◆ TASK PROMPT:
Nothing but the lines below, from the first through the line containing "The dining area", should be set down, each one exactly and without pictures.

◆ SOURCE DATA:
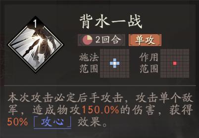 前期唯一可以使用的通用技能,系数很高但是因为必定后手,即使<攻心>判定极高,用起来手感一般,但是因为典韦被反击也可以触发天赋<万夫不当>,所以也是他对单系数最高的技能。
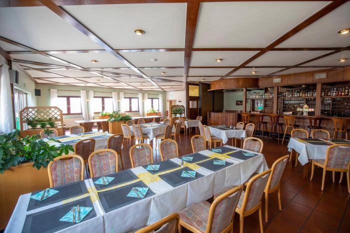 The dining area includes a restaurant and a bar.
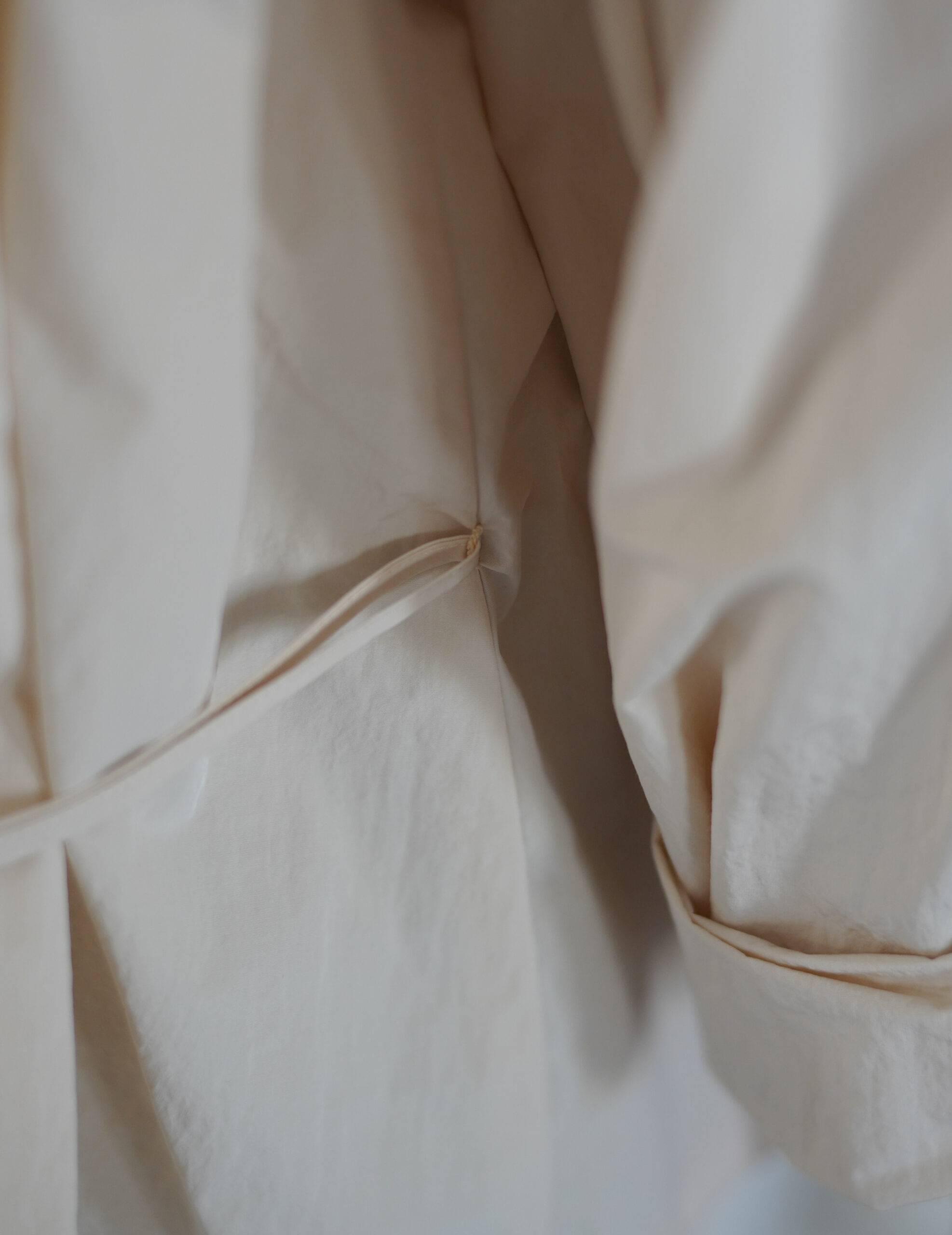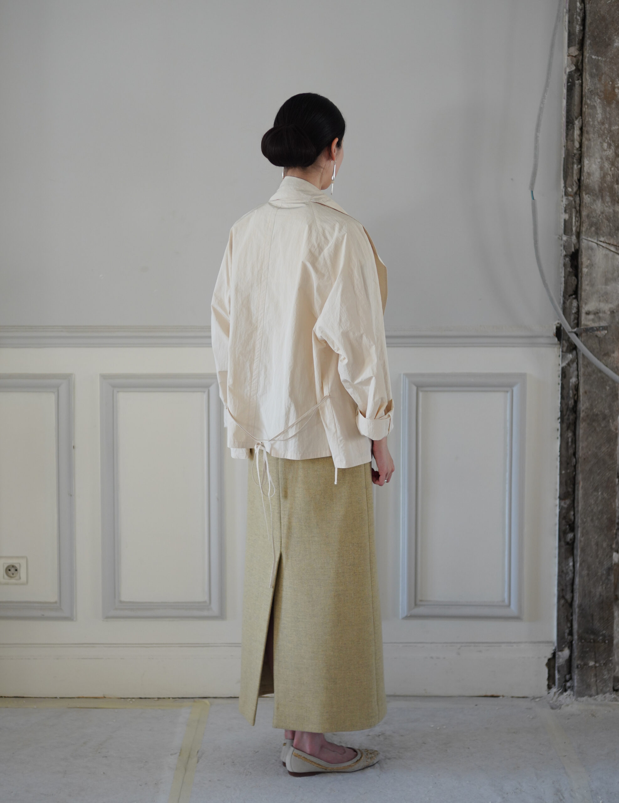 From South Korean brand LE17SEPTEMBRE, the Scarf Short Trench Jacket is crafted from crinkled cotton- and polyester-blend taffeta, offering a lightweight yet structured feel. The shawl collar integrates an attached scarf with a cutout detail, striking a balance between elegance and modern minimalism. Designed with a wrap front, it features belt loops and a matching self-tie belt for adjustable styling. Raglan sleeves create a smooth shoulder line and ease of movement, while the unlined construction makes it ideal for transitional weather and layering. The cropped length enhances a sharp, contemporary silhouette.

◆ TASK RESPONSE:
 前期唯一可以使用的通用技能,系数很高但是因为必定后手,即使<攻心>判定极高,用起来手感一般,但是因为典韦被反击也可以触发天赋<万夫不当>,所以也是他对单系数最高的技能。
 The dining area includes a restaurant and a bar.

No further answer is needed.